EXERCISE DETAILS
Return the following from the records below: each line, word for word, starting with the line that contains "はじめのあいさつの次は,1年" and going on through the line that contains "Schematic diagrams showing", with nothing outside that range.

DATA FOR PROCESSING
--- START ---
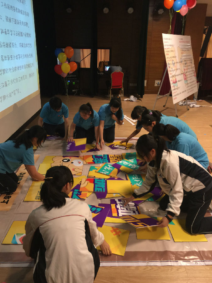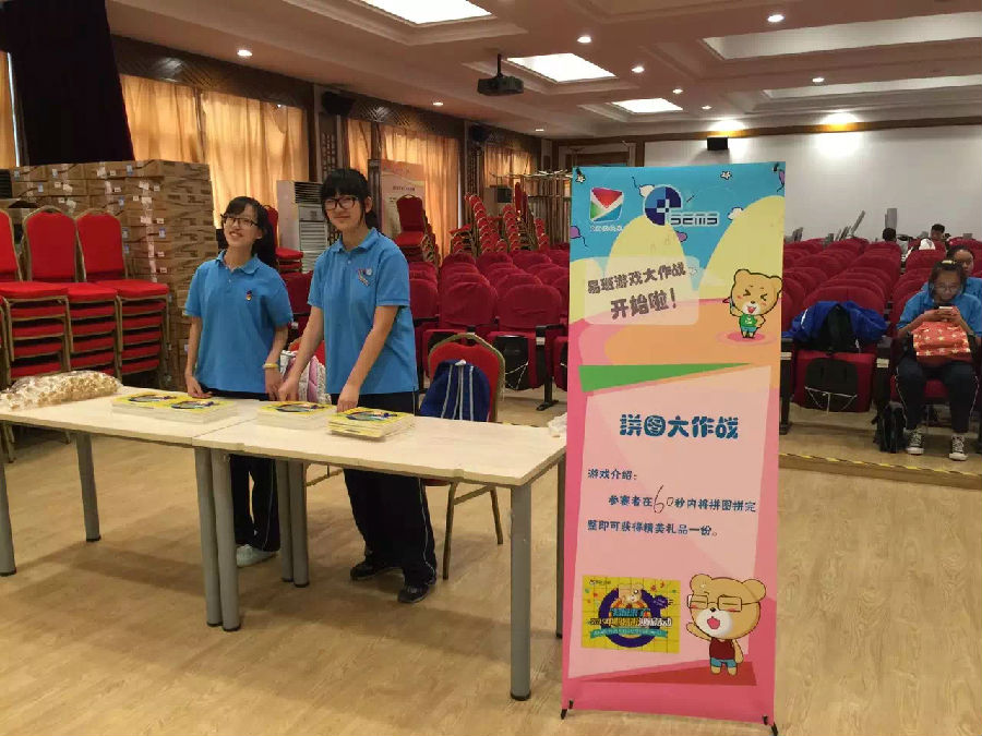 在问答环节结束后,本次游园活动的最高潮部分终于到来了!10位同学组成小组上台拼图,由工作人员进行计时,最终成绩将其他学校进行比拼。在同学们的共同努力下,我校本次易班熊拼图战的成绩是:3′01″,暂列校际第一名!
--- END ---
--- START ---
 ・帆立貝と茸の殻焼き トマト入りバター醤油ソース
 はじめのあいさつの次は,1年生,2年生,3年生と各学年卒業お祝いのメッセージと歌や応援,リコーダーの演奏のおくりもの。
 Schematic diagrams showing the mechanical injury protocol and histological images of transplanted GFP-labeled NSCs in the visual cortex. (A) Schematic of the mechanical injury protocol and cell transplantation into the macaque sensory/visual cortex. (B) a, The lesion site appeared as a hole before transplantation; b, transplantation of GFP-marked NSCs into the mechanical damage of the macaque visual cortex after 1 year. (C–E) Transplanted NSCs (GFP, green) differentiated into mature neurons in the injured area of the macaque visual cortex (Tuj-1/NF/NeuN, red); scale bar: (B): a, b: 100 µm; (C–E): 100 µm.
--- END ---
ANSWER TO THE EXERCISE
 はじめのあいさつの次は,1年生,2年生,3年生と各学年卒業お祝いのメッセージと歌や応援,リコーダーの演奏のおくりもの。
 Schematic diagrams showing the mechanical injury protocol and histological images of transplanted GFP-labeled NSCs in the visual cortex. (A) Schematic of the mechanical injury protocol and cell transplantation into the macaque sensory/visual cortex. (B) a, The lesion site appeared as a hole before transplantation; b, transplantation of GFP-marked NSCs into the mechanical damage of the macaque visual cortex after 1 year. (C–E) Transplanted NSCs (GFP, green) differentiated into mature neurons in the injured area of the macaque visual cortex (Tuj-1/NF/NeuN, red); scale bar: (B): a, b: 100 µm; (C–E): 100 µm.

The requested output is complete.